Para que se analise o fato social como tal, segundo Durkheim (2007), é necessário que se parta do princípio de que o mesmo é uma coisa. Ao dizer isso, o que se busca assinalar é que o fato social é produto da atividade humana, ou seja, “materializa-se” por meio da relação entre os homens. Sendo assim, o estigma imposto sobre o uso de brinquedos para as crianças sob um viés de gênero, assim como outros institutos (família, Estado, justiça), seriam simplesmente o desenvolvimento das ideias que temos sobre esses mesmos institutos, num processo construído coletivamente (DURKHEIM, 2007). Esses constructos desenvolvidos historicamente já foram tão interiorizados socialmente que já se convencionou o que é “brinquedos de menina” e “brinquedo de menino” como um fato social. Algo que toma uma força externa de coerção tão grande ao ponto de muitos núcleos familiares criarem critérios “por gênero” ao apresentarem aos filhos os diversos tipos de brinquedos e brincadeiras existentes.  

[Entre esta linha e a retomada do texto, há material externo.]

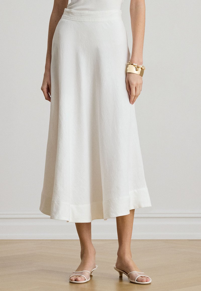 LINEN A-LINE MIDI SKIRT - A-lõikeline seelik - white

Nesse contexto, Durkheim (2007) reconhece que no processo de coerção pode haver resistência de alguma forma, mas que para libertar-se das regras imperativas ao ser, este tem de lutar. Ainda assim, segundo o autor, esse processo de resistência é apenas mais uma prova do caráter imperativo do fato. Sendo assim, mesmo que alguns núcleos familiares primem, de alguma forma, por educar seus filhos de maneira a não considerar os critérios de gênero, esses mesmos pais encontrarão barreiras para tal. Isso porque a criança ao interagir com outras – na escola, por exemplo – terá contato com outras educações, que provavelmente já terão essa coação social cristalizada.  

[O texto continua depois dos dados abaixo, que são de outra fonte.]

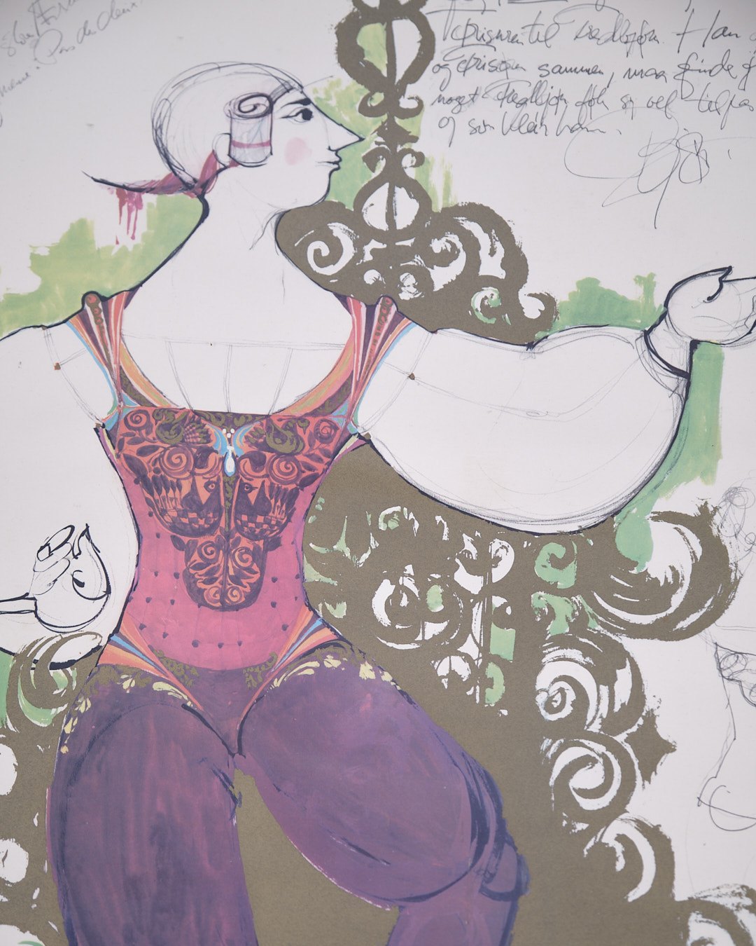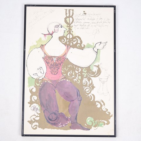 Litografisk tryk signeret af Bjørn Wiinblad. Indrammet i sort ramme med karakteristisk dekorativt motiv.

Sob esta perspectiva, faz-se a discussão da dicotomia entre o subjetivo do ser e o aspecto objetivo. Por estar em um estágio peculiar de desenvolvimento da subjetividade, a criança ainda não possui suas faculdades de vida formadas; o fato é que esta faculdade (assim como a subjetividade) é limitada a uma objetividade ligada a um comportamento social normatizado que é passado a ela pela educação. Como assinala Durkheim (2007), o fato social tem uma propriedade de formar-se fora das consciências individuais – aqui caracterizado como subjetividade – a qual é “dominada” pela força exterior, entendida como a coerção objetiva passada pela educação. Ao possuir essa característica, o fenômeno deixa de ser orgânico e natural, já que passa a ser simples representações de condutas convencionadas na vida em sociedade. 

Fugindo de lógicas puramente deterministas, o debate suscita algumas questões pertinentes, como: “em que medida certas convenções culturais impactam nas faculdades e no comportamento do ser adulto?”; “quais escolhas futuras do ser podem estar condicionadas a limitadores impostos desde criança?”; “a relativização da liberdade do sujeito”. 


Referências 

DURKHEIM, E. As Regras do Método Sociológico. São Paulo: Martins Fontes, 2007.